1.2 Numerical Measures of Relative Standing

Another measure of relative standing in popular use is the z-score. As you can see in the definition of z-score below, the z-score makes use of the mean and standard deviation of the data set in order to specify the relative location of a measurement. Note that the z-score is calculated by subtracting \(\bar{x}\) (or \(\mu\)) from the measurement \(x\) and then dividing the result by \(s\) (or \(\sigma\)). The final result, the z-score, represents the distance between a given measurement \(x\) and the mean, expressed in standard deviations.

\[ z = \frac{x-\bar{x}}{s} \]

with \(s\) is the sample sd

\[ z = \frac{x-\mu}{\sigma} \]

Example

A random sample of 2,000 students who sat for the Graduate Management Admission Test (GMAT) is selected.

For this sample, the mean GMAT score is \(x\) = 540 points and the standard deviation is \(s\) = 100 points.

One student from the sample, Kara Smith, had a GMAT score of \(x\) = 440 points.
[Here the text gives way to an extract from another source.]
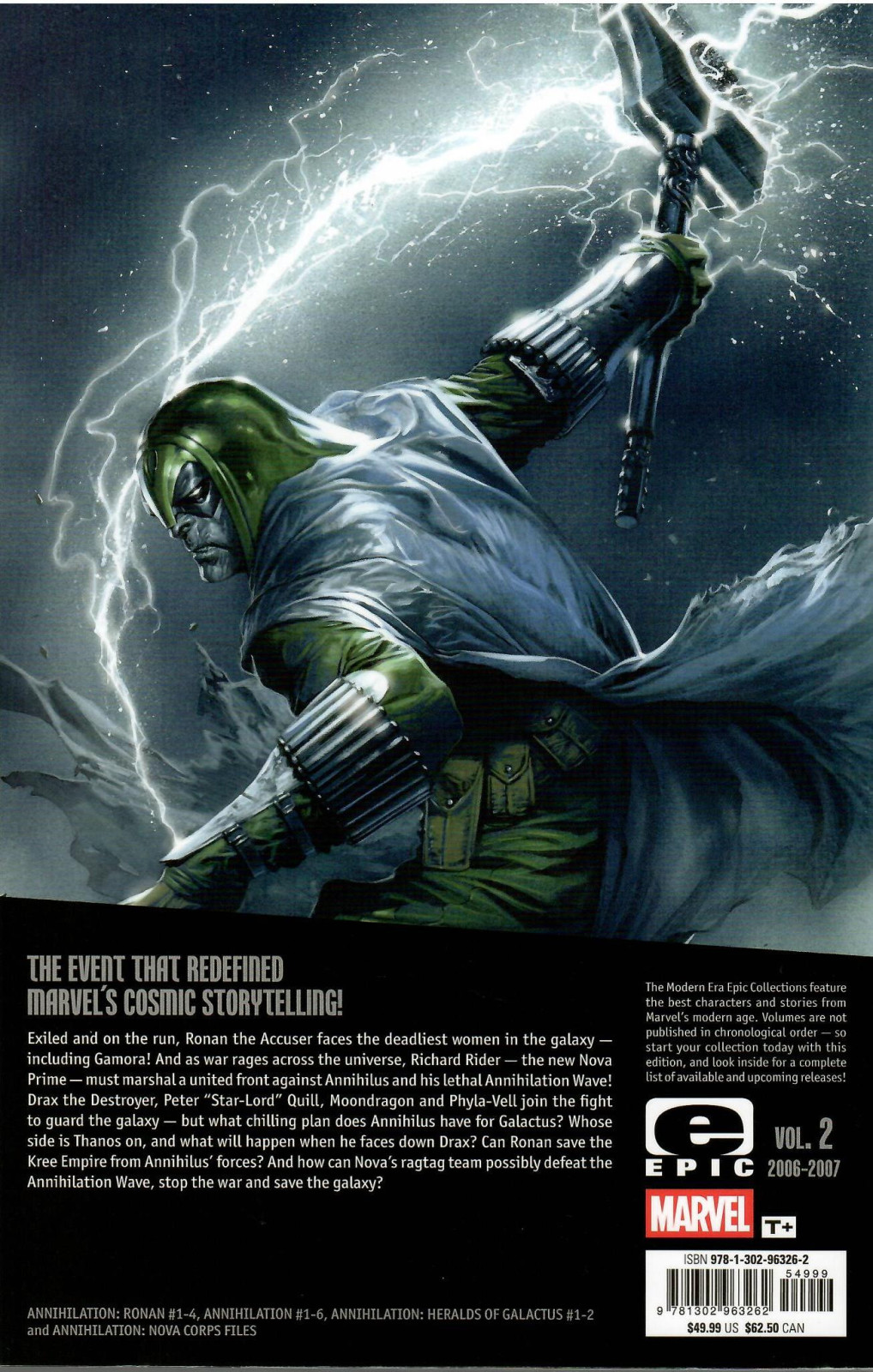 Exiled and on the run, Ronan the Accuser faces the deadliest women in the galaxy — including Gamora! And as war rages across the universe, Richard Rider — the new Nova Prime — must marshal a united front against Annihilus and his lethal Annihilation Wave! Drax the Destroyer, Peter “Star-Lord” Quill, Moondragon and Phyla-Vell join the fight to guard the galaxy — but what chilling plan does Annihilus have for Galactus? Whose side is Thanos on, and what will happen when he faces down Drax? Can Ronan save the Kree Empire from Annihilus’ forces? And how can Nova’s ragtag team possibly defeat the Annihilation Wave, stop the war and save the galaxy?

What is Kara’s sample z-score?

(440-540)/100
## [1] -1

This z-score implies that Kara Smith’s GMAT score is 1.0 standard deviations below the sample mean GMAT score, or, in short, her sample z-score is - 1.0.

Interpretation of z-Scores for Mound-Shaped Distributions of Data

  1. Approximately 68% of the measurements will have a z-score between -1 and 1.
  2. Approximately 95% of the measurements will have a z-score between - 2 and 2.
  3. Approximately 99.7% (almost all) of the measurements will have a z-score between -3 and 3.